# On the properties of non-commutative groups

## Homework Statement

Let $$[G,+,0]$$ be a non-abelian group with a binary operation $$+$$ and a zero element $$0$$.

To prove that if both the zero element and the inverse element act on the same side, then they both act the other way around, that is:
If $$\forall a \in G$$,
$$a + 0 = a$$,
and
$$a + (-a) = 0$$,
then it can be proven that
$$0 + a = a$$
and
$$(-a)+ a = 0$$.

## Homework Equations

This is not really homework, it is just something that has been bothering me. The doubt in question arises because certain books (like Herstein's Modern Algebra) define groups as structures in which both the inverse and the zero element act on both sides, regardless of if the group is commutative or not.

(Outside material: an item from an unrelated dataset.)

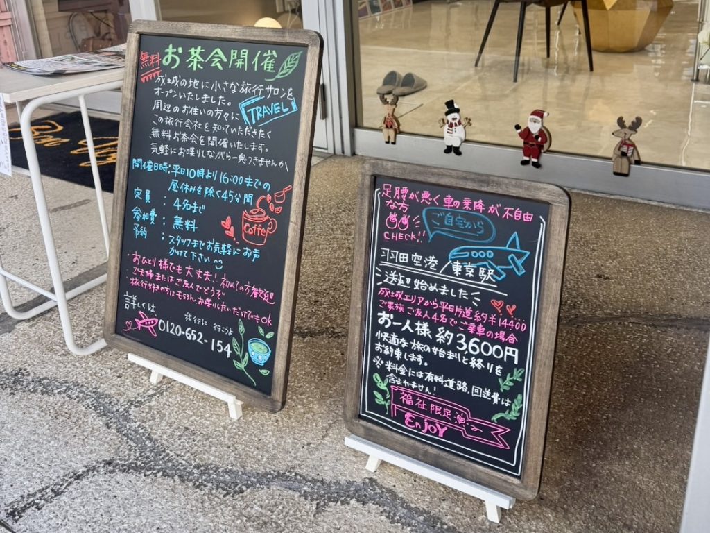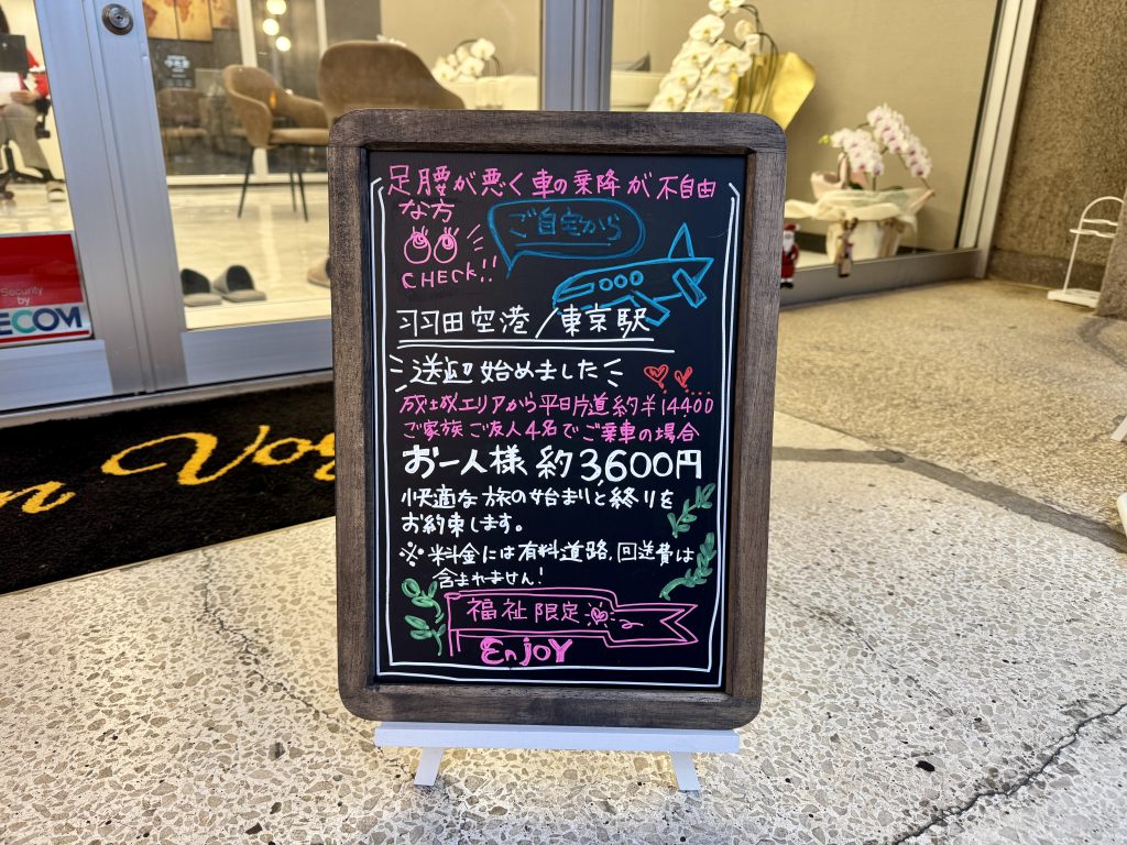 成城で送迎を始めました 2025-12-04 最終更新日時 : 2025-12-06 tomy 成城店をオープンして早1ヶ月 毎日店頭のチラシを手に取っていただく方が増え 店頭で足を止めていただいたら社員がお声をかけさせていただいてます お申込みに繋がるよう なにか起爆剤がないかと考える日々 お茶会案内に続き「羽田空港/東京駅の送迎始めました」の看板作りました(^O^)/ シニア旅行 高齢者旅行 介護旅行 介護付き旅行 介護タクシー 福祉タクシー Follow me!

On this subject my linear algebra professor said that having the zero and the inverse act on the same side is equivalent to having them act on both, since the latter can be proven from the former, hence my question.

## The Attempt at a Solution

I have been trying to do what is stated in section 1, but I only end up concluding tautologies like 0=0 or so.

(By the way, I can't get the latex command support thing we have in here do display { and })

## The Attempt at a Solution

HallsofIvy
Remember: $$-(a+b)=-b+(-a)$$ $$\forall a,b \in G$$